Task statement =
Each line of the material should be set down exactly. Pictures are not part of the copy.

Dataset section =
------------------------------------
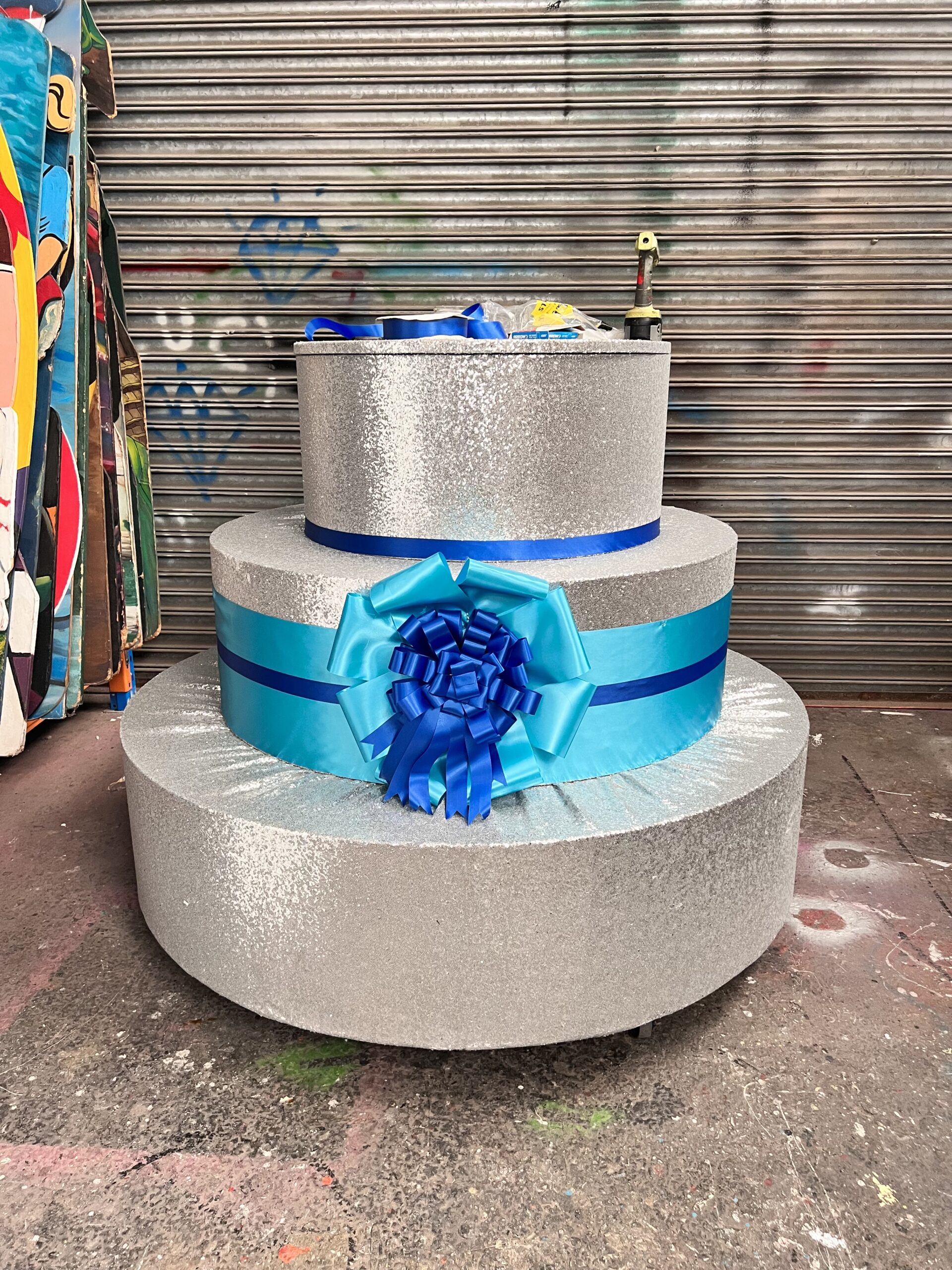 PLEASE NOTE: This Prop is now covered in Silver Sequins and can not be changed - ask staff for current ribbon design
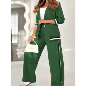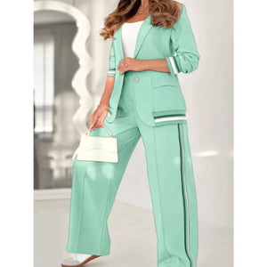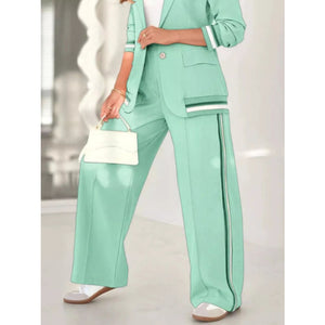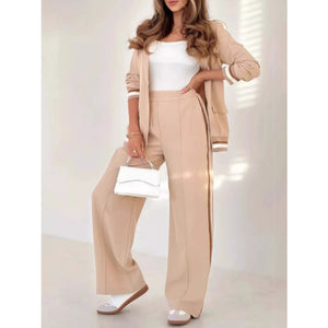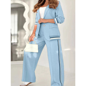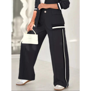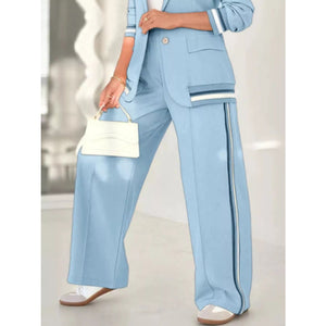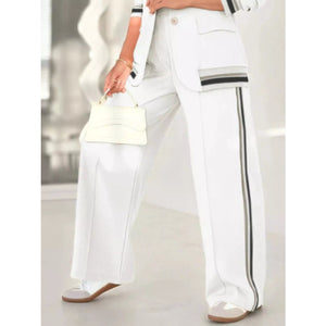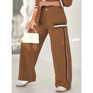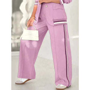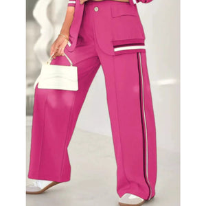 Full Size Striped Trim Button Down Jacket and Pants Set Plus Size
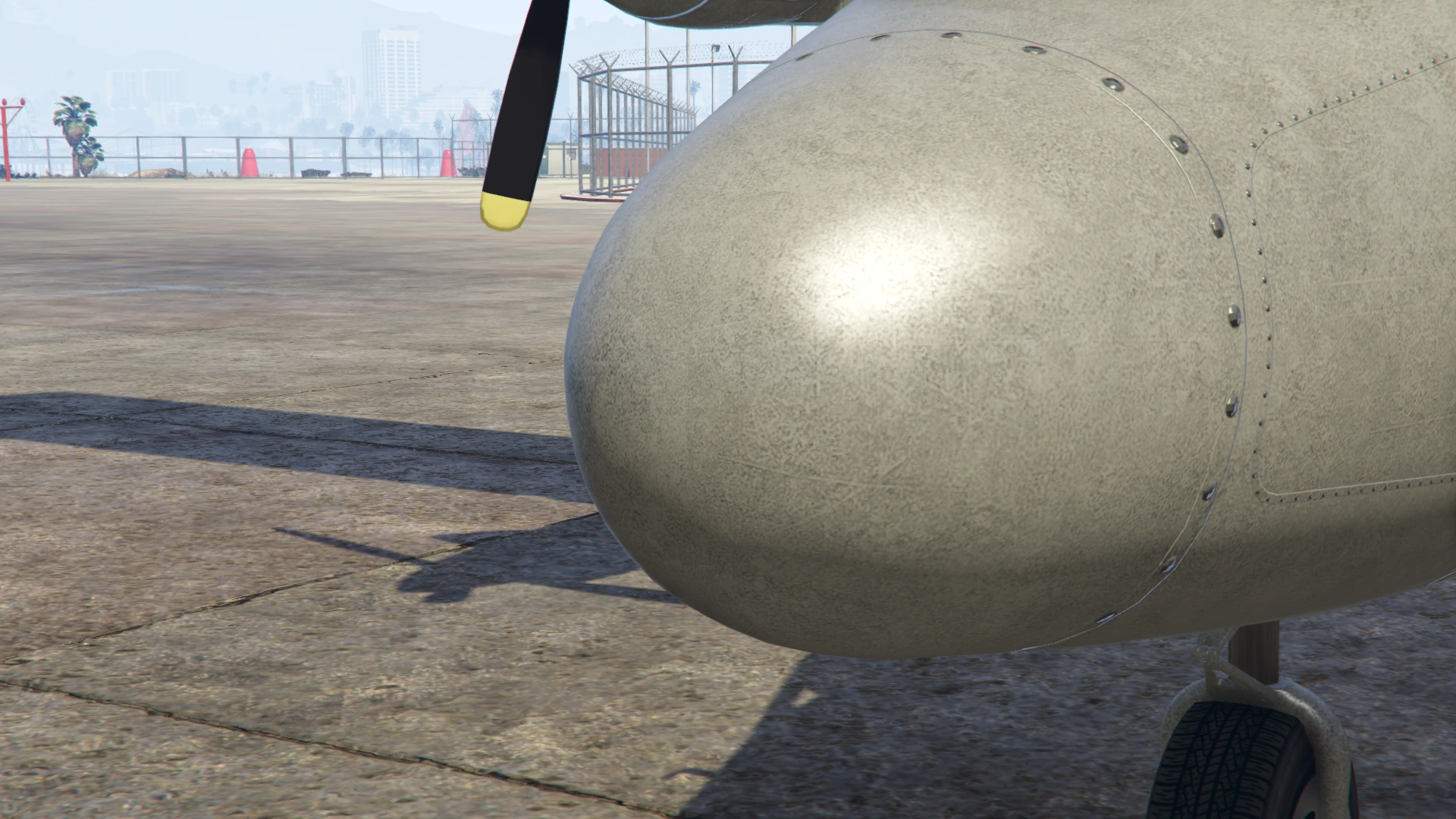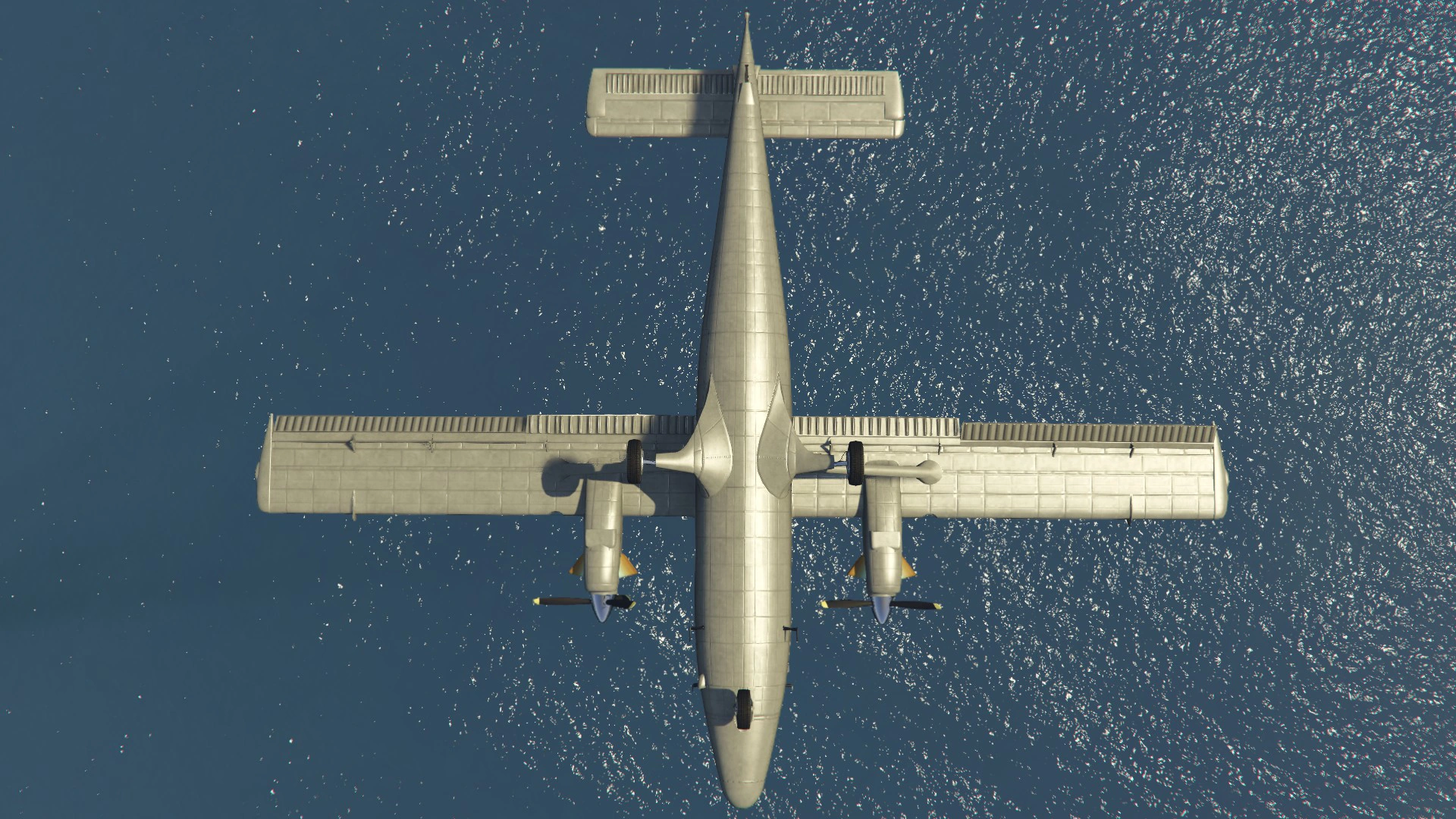 The aircraft possess similar characteristics to planes such as the Cuban 800 and the Mogul, having a relatively low top speed and decent handling, although the large wingspan can be problematic on areas with tall obstacles. However, true to its real-life inspiration, the plane has STOL (Short Takeoff and Landing) capabilities, requiring relatively short runways in comparison to similarly-sized aircraft. The tricycle undercarriage also provides good stability when taxiing around uneven areas and good ground clearance, enough to keep the propellers safe from certain obstacles. Care should be taken upon exiting from the active aircraft, as there is barely distance between the cockpit doors and the propellers.
------------------------------------
Result below =
 PLEASE NOTE: This Prop is now covered in Silver Sequins and can not be changed - ask staff for current ribbon design
 Full Size Striped Trim Button Down Jacket and Pants Set Plus Size
 The aircraft possess similar characteristics to planes such as the Cuban 800 and the Mogul, having a relatively low top speed and decent handling, although the large wingspan can be problematic on areas with tall obstacles. However, true to its real-life inspiration, the plane has STOL (Short Takeoff and Landing) capabilities, requiring relatively short runways in comparison to similarly-sized aircraft. The tricycle undercarriage also provides good stability when taxiing around uneven areas and good ground clearance, enough to keep the propellers safe from certain obstacles. Care should be taken upon exiting from the active aircraft, as there is barely distance between the cockpit doors and the propellers.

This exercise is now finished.